| Work to be completed |
Return the data in full, exactly as it was written.

[[ The data open ]]

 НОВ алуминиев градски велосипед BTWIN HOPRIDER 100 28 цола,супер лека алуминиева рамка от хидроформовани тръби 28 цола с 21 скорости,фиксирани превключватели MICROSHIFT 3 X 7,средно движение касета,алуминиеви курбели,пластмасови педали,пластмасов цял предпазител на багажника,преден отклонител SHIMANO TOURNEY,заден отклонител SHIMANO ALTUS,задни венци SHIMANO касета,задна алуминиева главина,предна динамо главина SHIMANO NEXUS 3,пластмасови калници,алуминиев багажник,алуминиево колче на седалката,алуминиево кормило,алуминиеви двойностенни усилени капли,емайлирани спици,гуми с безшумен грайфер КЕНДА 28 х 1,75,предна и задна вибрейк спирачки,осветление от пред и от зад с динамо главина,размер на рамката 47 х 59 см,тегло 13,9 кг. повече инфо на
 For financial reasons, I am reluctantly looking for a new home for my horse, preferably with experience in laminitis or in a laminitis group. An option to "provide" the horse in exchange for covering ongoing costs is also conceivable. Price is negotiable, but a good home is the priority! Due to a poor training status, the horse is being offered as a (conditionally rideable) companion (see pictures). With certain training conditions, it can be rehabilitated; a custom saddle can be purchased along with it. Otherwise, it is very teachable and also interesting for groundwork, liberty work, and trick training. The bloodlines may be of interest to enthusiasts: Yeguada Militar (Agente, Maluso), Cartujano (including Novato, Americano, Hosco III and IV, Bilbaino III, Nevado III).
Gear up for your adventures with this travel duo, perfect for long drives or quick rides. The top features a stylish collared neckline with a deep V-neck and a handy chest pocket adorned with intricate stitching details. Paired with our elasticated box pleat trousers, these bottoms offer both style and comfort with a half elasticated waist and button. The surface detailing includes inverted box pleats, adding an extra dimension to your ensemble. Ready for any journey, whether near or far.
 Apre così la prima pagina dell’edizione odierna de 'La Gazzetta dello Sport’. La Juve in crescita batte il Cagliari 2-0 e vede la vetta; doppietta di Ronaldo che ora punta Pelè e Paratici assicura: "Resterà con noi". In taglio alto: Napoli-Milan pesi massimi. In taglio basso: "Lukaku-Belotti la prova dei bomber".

[[ The data closed ]]

| Answer section |
 НОВ алуминиев градски велосипед BTWIN HOPRIDER 100 28 цола,супер лека алуминиева рамка от хидроформовани тръби 28 цола с 21 скорости,фиксирани превключватели MICROSHIFT 3 X 7,средно движение касета,алуминиеви курбели,пластмасови педали,пластмасов цял предпазител на багажника,преден отклонител SHIMANO TOURNEY,заден отклонител SHIMANO ALTUS,задни венци SHIMANO касета,задна алуминиева главина,предна динамо главина SHIMANO NEXUS 3,пластмасови калници,алуминиев багажник,алуминиево колче на седалката,алуминиево кормило,алуминиеви двойностенни усилени капли,емайлирани спици,гуми с безшумен грайфер КЕНДА 28 х 1,75,предна и задна вибрейк спирачки,осветление от пред и от зад с динамо главина,размер на рамката 47 х 59 см,тегло 13,9 кг. повече инфо на
 For financial reasons, I am reluctantly looking for a new home for my horse, preferably with experience in laminitis or in a laminitis group. An option to "provide" the horse in exchange for covering ongoing costs is also conceivable. Price is negotiable, but a good home is the priority! Due to a poor training status, the horse is being offered as a (conditionally rideable) companion (see pictures). With certain training conditions, it can be rehabilitated; a custom saddle can be purchased along with it. Otherwise, it is very teachable and also interesting for groundwork, liberty work, and trick training. The bloodlines may be of interest to enthusiasts: Yeguada Militar (Agente, Maluso), Cartujano (including Novato, Americano, Hosco III and IV, Bilbaino III, Nevado III).
Gear up for your adventures with this travel duo, perfect for long drives or quick rides. The top features a stylish collared neckline with a deep V-neck and a handy chest pocket adorned with intricate stitching details. Paired with our elasticated box pleat trousers, these bottoms offer both style and comfort with a half elasticated waist and button. The surface detailing includes inverted box pleats, adding an extra dimension to your ensemble. Ready for any journey, whether near or far.
 Apre così la prima pagina dell’edizione odierna de 'La Gazzetta dello Sport’. La Juve in crescita batte il Cagliari 2-0 e vede la vetta; doppietta di Ronaldo che ora punta Pelè e Paratici assicura: "Resterà con noi". In taglio alto: Napoli-Milan pesi massimi. In taglio basso: "Lukaku-Belotti la prova dei bomber".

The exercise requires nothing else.